- Given information -
◆ ◆ ◆ ◆ ◆

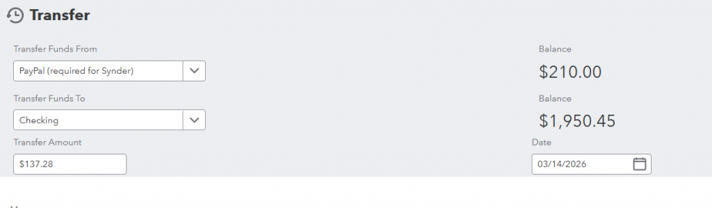 Each transfer is recorded separately so that your PayPal account in QuickBooks reflects the actual flow of funds.
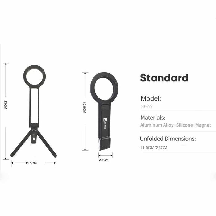 JE SERIES TRIPOD MAGNETIC PHONE HOLDER MAGSAFE CARABINER TRIPOD MAGNETIC PORTABLE RINGAN STAND ALUMINIUM DUDUKAN HP MAGNETIK COCOK UNTUK KONTEN - HITAM
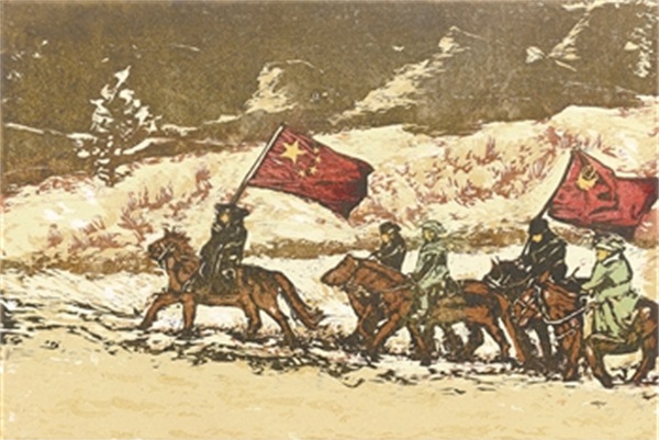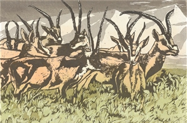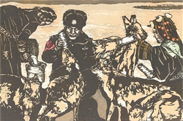 套色版画作品《可可西里的故事》,是根据铁路民警的真实故事创作而成的。作品用四联形式,描绘了铁路民警呼吁保护珍稀野生动物藏羚羊的故事。沿着青藏铁路进入美丽的青藏高原,铁路民警带领志愿者深入可可西里自然保护区,喂养受伤的幼小的藏羚羊,使它们得到呵护与照顾,让这些珍稀野生动物受到更多关注,在广阔的高原繁衍生长。陈娟 制作

◆ ◆ ◆ ◆ ◆

- Assignment -
Would you set down each line of the listing above exactly, apart from the pictures?

- Final answer -
 Each transfer is recorded separately so that your PayPal account in QuickBooks reflects the actual flow of funds.
 JE SERIES TRIPOD MAGNETIC PHONE HOLDER MAGSAFE CARABINER TRIPOD MAGNETIC PORTABLE RINGAN STAND ALUMINIUM DUDUKAN HP MAGNETIK COCOK UNTUK KONTEN - HITAM
 套色版画作品《可可西里的故事》,是根据铁路民警的真实故事创作而成的。作品用四联形式,描绘了铁路民警呼吁保护珍稀野生动物藏羚羊的故事。沿着青藏铁路进入美丽的青藏高原,铁路民警带领志愿者深入可可西里自然保护区,喂养受伤的幼小的藏羚羊,使它们得到呵护与照顾,让这些珍稀野生动物受到更多关注,在广阔的高原繁衍生长。陈娟 制作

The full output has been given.